• Instructions to follow: Please retype the data below exactly, stopping after the line with "Perfette per colazioni, pranzi" and skipping every picture.

• Given information:
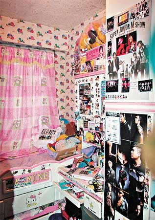 猝死少女的睡房貼有大量韓國組合SJ-M相片及飾物。
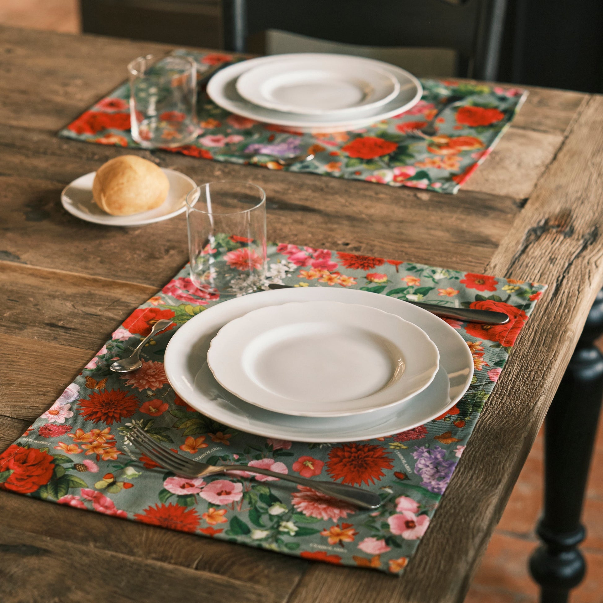 Perfette per colazioni, pranzi leggeri o pause caffè, le Tovagliette L’Erbolario sono realizzate in un tessuto morbido e resistente 100% cotone e decorate con la grafica “Fantasia di Fiori” su sfondo verde salvia. Si possono comodamente lavare in lavatrice.
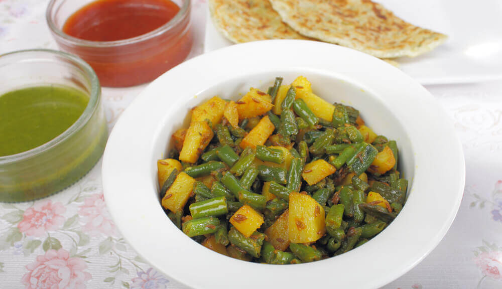 Aloo Beans is a popular Indian dish made with potatoes, green beans, and spices. It is a simple and flavorful dish that can be served as a side dish. The potatoes are cooked until they are soft and then combined with the green beans and spices. The dish is usually served with chapati or rice.
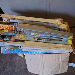 Liten lot ed torkarblad till äldre bilar, Rainbow, Tex, SWF... Det längsta mäter C:a. 35 cm. Huvudsakligen Engelska. BMC Ford GM
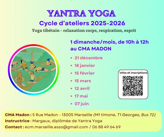 Cours mensuel de Yantra Yoga📌 Dimanche 21 décembre 25 À Marseille, avec l'enseignante Margaux Tsin. 📩Contact : ecm.marseille.asso@gmail.com |

• Solution below:
 猝死少女的睡房貼有大量韓國組合SJ-M相片及飾物。
 Perfette per colazioni, pranzi leggeri o pause caffè, le Tovagliette L’Erbolario sono realizzate in un tessuto morbido e resistente 100% cotone e decorate con la grafica “Fantasia di Fiori” su sfondo verde salvia. Si possono comodamente lavare in lavatrice.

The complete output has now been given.